## Task directions
From the line with "Вид на вырубленный" to the line with "Top Blu Maniche", retype each line exactly as it stands in the records below, but skip the pictures.
*** Exercise materials ***
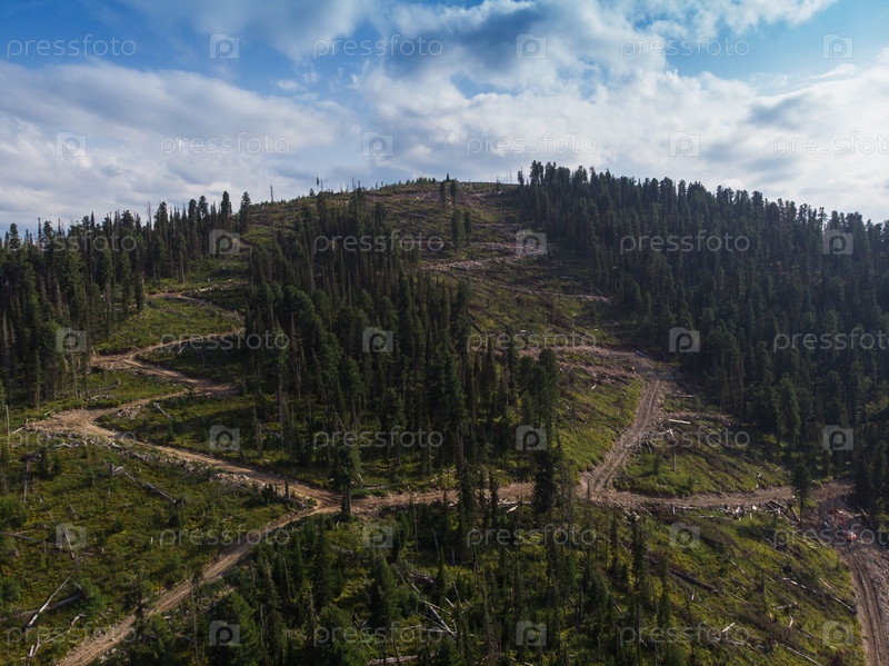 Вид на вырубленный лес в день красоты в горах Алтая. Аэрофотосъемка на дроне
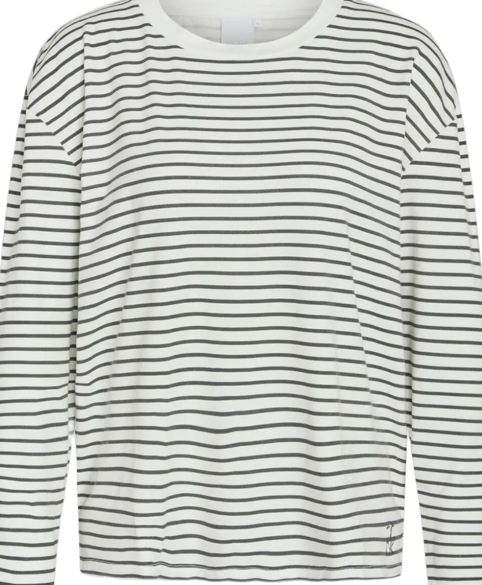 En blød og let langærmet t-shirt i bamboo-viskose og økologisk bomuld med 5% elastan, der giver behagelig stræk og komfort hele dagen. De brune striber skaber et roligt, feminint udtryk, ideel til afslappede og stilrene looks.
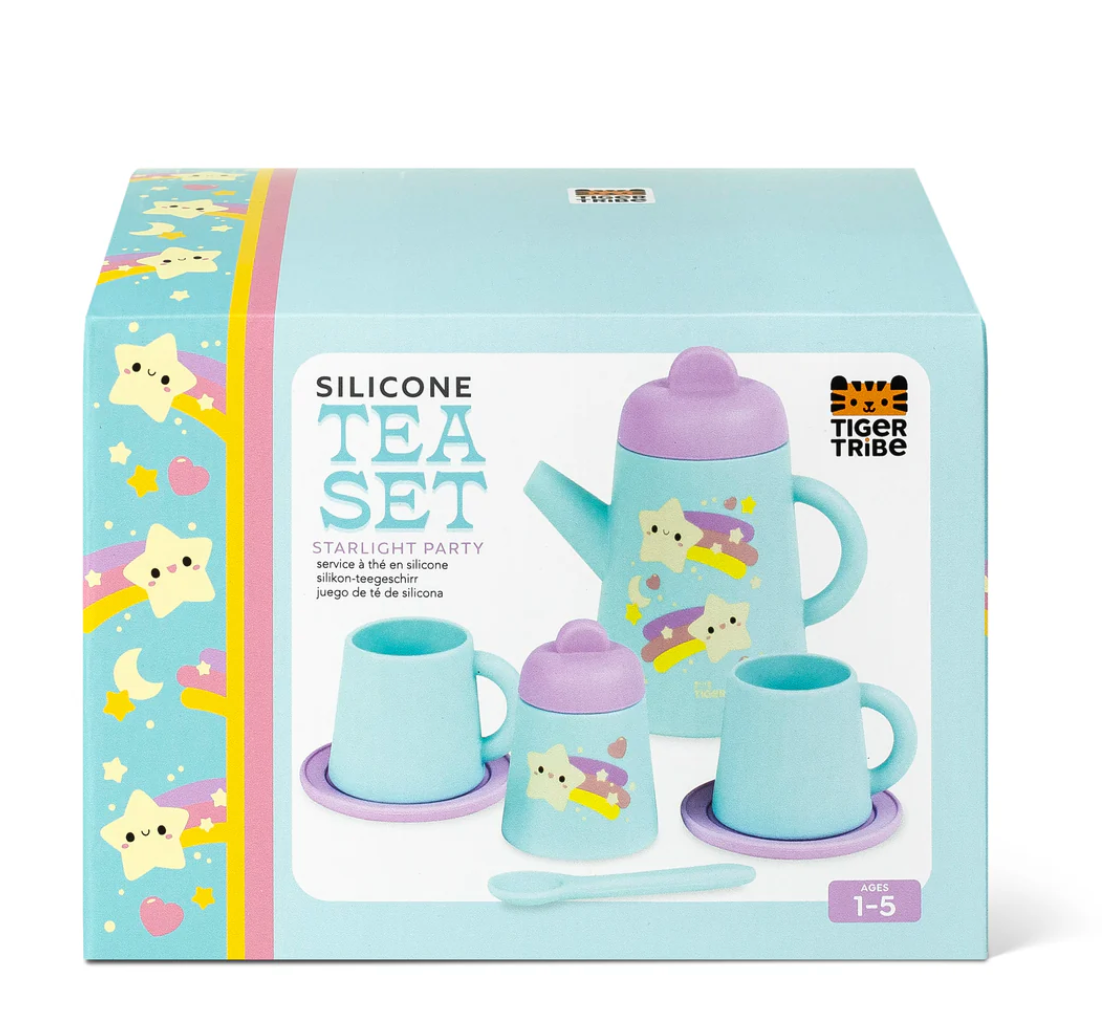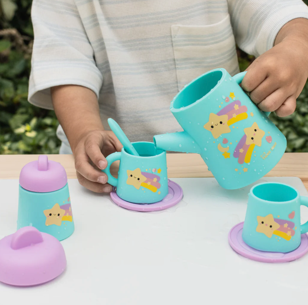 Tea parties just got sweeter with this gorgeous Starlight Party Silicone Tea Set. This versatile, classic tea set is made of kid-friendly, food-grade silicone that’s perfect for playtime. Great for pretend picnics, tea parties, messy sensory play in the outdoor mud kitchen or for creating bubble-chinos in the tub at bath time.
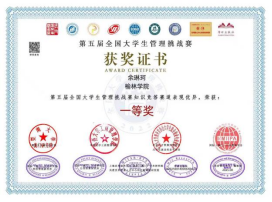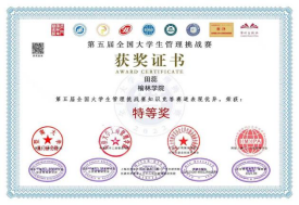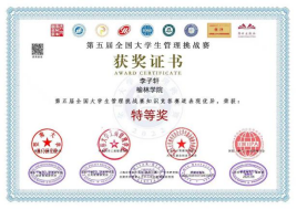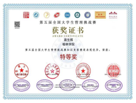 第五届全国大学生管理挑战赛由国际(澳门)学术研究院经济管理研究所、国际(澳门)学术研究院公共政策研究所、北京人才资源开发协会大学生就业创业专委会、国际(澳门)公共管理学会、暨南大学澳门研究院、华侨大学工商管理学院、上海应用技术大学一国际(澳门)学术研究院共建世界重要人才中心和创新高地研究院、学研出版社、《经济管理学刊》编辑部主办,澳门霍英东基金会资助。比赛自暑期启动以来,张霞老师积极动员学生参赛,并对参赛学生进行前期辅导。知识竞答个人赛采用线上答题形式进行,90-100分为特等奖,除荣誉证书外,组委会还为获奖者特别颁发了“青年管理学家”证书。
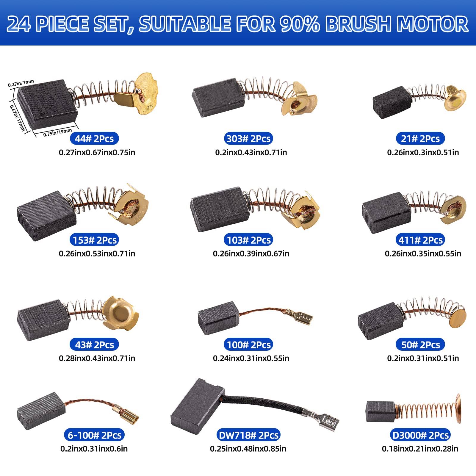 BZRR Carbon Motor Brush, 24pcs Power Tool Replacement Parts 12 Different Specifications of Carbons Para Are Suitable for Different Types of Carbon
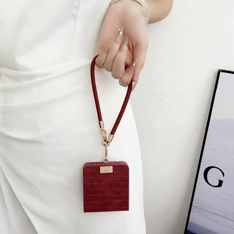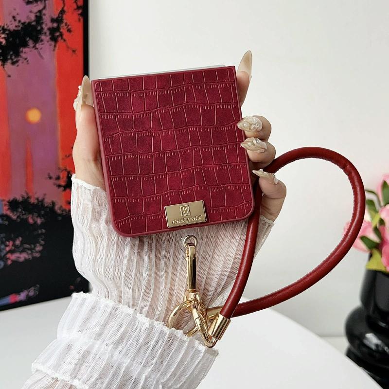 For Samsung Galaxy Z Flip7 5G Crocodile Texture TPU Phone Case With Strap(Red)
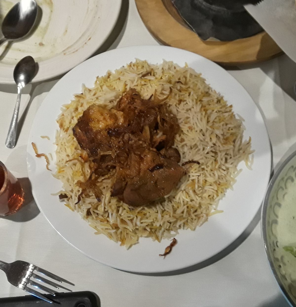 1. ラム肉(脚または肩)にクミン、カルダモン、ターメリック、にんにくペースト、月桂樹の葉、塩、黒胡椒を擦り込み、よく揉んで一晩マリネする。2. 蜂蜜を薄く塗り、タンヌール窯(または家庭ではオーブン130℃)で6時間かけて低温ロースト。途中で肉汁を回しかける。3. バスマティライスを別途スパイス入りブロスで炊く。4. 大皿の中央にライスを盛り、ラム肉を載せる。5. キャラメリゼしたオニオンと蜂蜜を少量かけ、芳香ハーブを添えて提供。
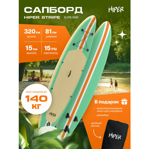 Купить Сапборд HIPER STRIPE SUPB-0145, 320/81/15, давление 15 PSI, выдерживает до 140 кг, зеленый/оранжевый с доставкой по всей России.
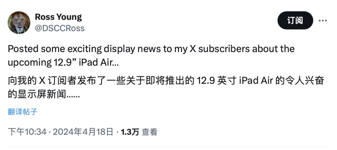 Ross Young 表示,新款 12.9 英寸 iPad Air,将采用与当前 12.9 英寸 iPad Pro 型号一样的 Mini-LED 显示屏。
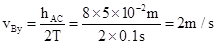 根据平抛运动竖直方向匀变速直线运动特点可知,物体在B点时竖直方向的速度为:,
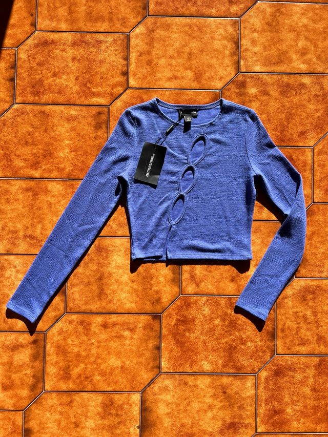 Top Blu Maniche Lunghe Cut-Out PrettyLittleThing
*** End of Exercise materials ***
*** Exercise materials ***
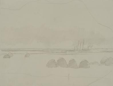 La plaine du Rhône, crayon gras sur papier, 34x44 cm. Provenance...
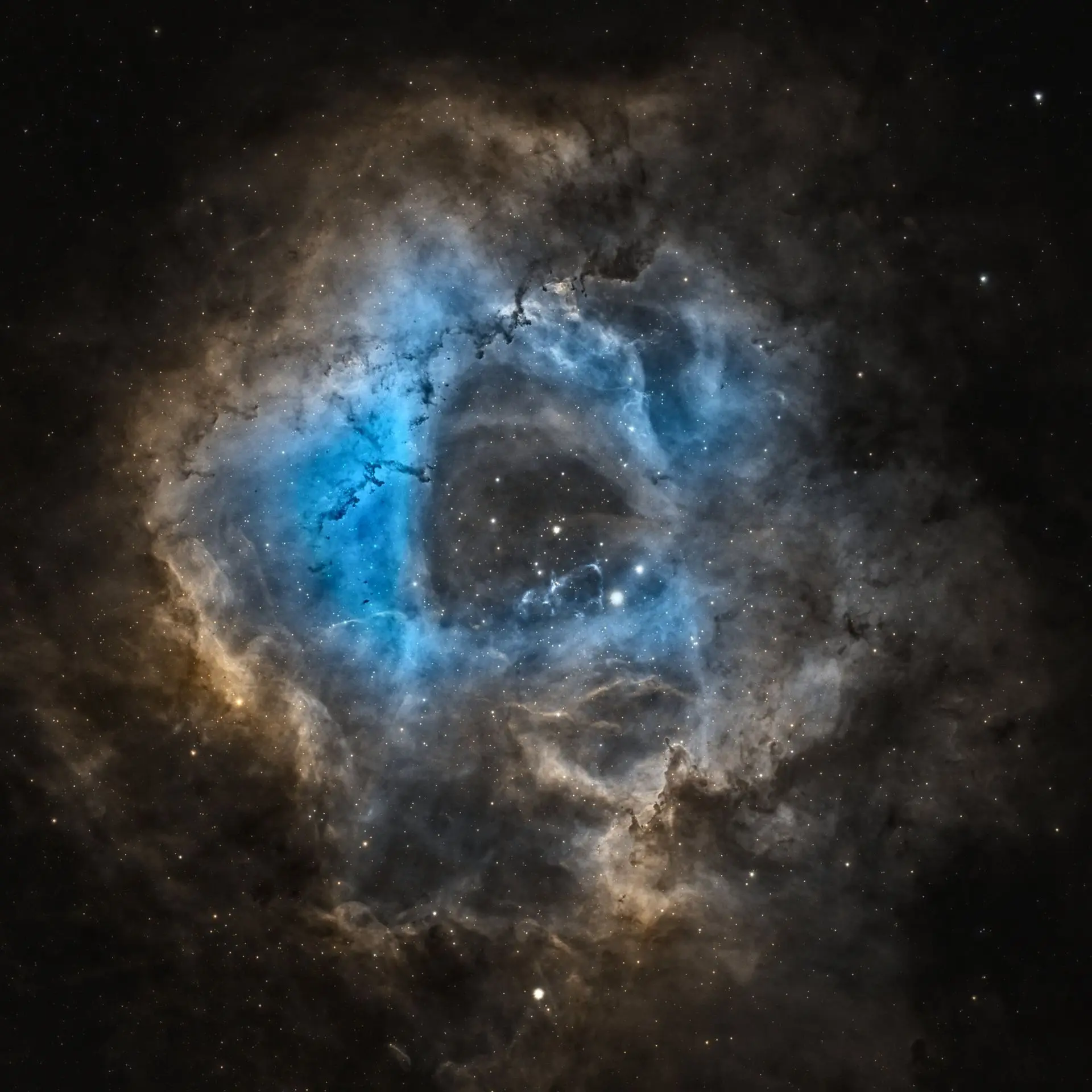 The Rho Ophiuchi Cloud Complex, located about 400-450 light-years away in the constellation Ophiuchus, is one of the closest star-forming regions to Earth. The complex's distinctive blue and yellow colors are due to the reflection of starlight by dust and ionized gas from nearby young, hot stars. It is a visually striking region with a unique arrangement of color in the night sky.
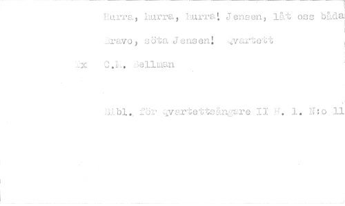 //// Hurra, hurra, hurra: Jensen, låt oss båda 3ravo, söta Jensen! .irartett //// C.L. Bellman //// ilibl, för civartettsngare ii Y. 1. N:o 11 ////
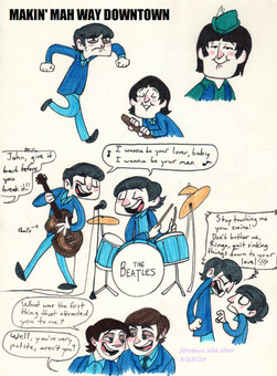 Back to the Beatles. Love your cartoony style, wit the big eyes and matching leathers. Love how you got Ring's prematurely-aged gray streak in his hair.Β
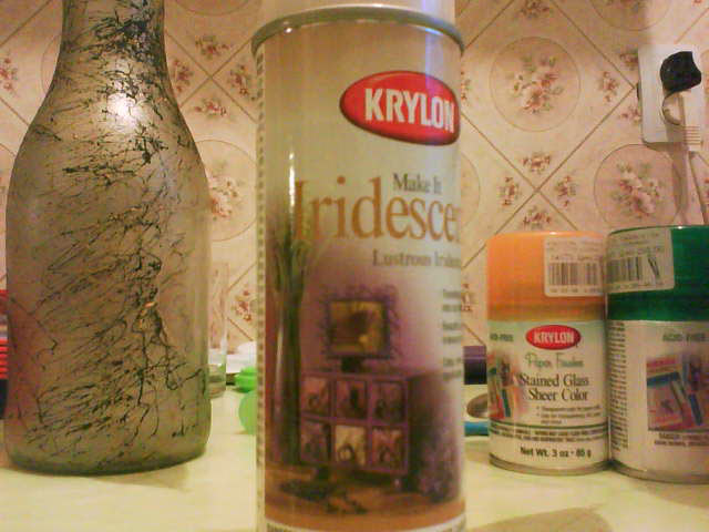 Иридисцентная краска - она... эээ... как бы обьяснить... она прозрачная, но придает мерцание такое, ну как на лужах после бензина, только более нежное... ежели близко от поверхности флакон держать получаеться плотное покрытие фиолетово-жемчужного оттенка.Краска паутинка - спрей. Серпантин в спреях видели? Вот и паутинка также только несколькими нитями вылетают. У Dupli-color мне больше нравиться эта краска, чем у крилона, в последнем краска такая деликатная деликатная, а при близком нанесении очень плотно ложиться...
*** End of Exercise materials ***
*** Exercise materials ***
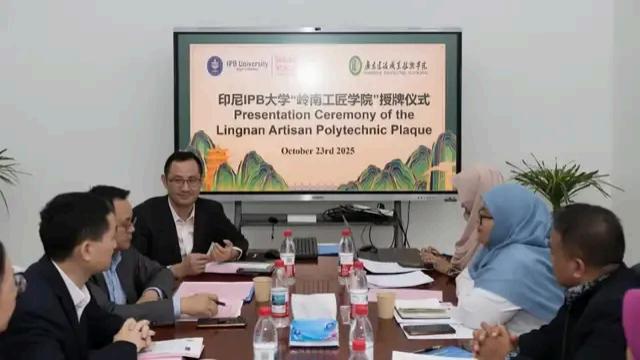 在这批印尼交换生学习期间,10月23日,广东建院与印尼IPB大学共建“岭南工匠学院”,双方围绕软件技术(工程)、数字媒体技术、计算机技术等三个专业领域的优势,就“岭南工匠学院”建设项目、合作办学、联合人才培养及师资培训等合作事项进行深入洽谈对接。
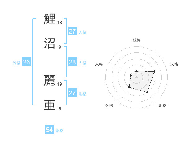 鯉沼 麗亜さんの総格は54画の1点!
*** End of Exercise materials ***
## Exercise result
 Вид на вырубленный лес в день красоты в горах Алтая. Аэрофотосъемка на дроне
 En blød og let langærmet t-shirt i bamboo-viskose og økologisk bomuld med 5% elastan, der giver behagelig stræk og komfort hele dagen. De brune striber skaber et roligt, feminint udtryk, ideel til afslappede og stilrene looks.
 Tea parties just got sweeter with this gorgeous Starlight Party Silicone Tea Set. This versatile, classic tea set is made of kid-friendly, food-grade silicone that’s perfect for playtime. Great for pretend picnics, tea parties, messy sensory play in the outdoor mud kitchen or for creating bubble-chinos in the tub at bath time.
 第五届全国大学生管理挑战赛由国际(澳门)学术研究院经济管理研究所、国际(澳门)学术研究院公共政策研究所、北京人才资源开发协会大学生就业创业专委会、国际(澳门)公共管理学会、暨南大学澳门研究院、华侨大学工商管理学院、上海应用技术大学一国际(澳门)学术研究院共建世界重要人才中心和创新高地研究院、学研出版社、《经济管理学刊》编辑部主办,澳门霍英东基金会资助。比赛自暑期启动以来,张霞老师积极动员学生参赛,并对参赛学生进行前期辅导。知识竞答个人赛采用线上答题形式进行,90-100分为特等奖,除荣誉证书外,组委会还为获奖者特别颁发了“青年管理学家”证书。
 BZRR Carbon Motor Brush, 24pcs Power Tool Replacement Parts 12 Different Specifications of Carbons Para Are Suitable for Different Types of Carbon
 For Samsung Galaxy Z Flip7 5G Crocodile Texture TPU Phone Case With Strap(Red)
 1. ラム肉(脚または肩)にクミン、カルダモン、ターメリック、にんにくペースト、月桂樹の葉、塩、黒胡椒を擦り込み、よく揉んで一晩マリネする。2. 蜂蜜を薄く塗り、タンヌール窯(または家庭ではオーブン130℃)で6時間かけて低温ロースト。途中で肉汁を回しかける。3. バスマティライスを別途スパイス入りブロスで炊く。4. 大皿の中央にライスを盛り、ラム肉を載せる。5. キャラメリゼしたオニオンと蜂蜜を少量かけ、芳香ハーブを添えて提供。
 Купить Сапборд HIPER STRIPE SUPB-0145, 320/81/15, давление 15 PSI, выдерживает до 140 кг, зеленый/оранжевый с доставкой по всей России.
 Ross Young 表示,新款 12.9 英寸 iPad Air,将采用与当前 12.9 英寸 iPad Pro 型号一样的 Mini-LED 显示屏。
 根据平抛运动竖直方向匀变速直线运动特点可知,物体在B点时竖直方向的速度为:,
 Top Blu Maniche Lunghe Cut-Out PrettyLittleThing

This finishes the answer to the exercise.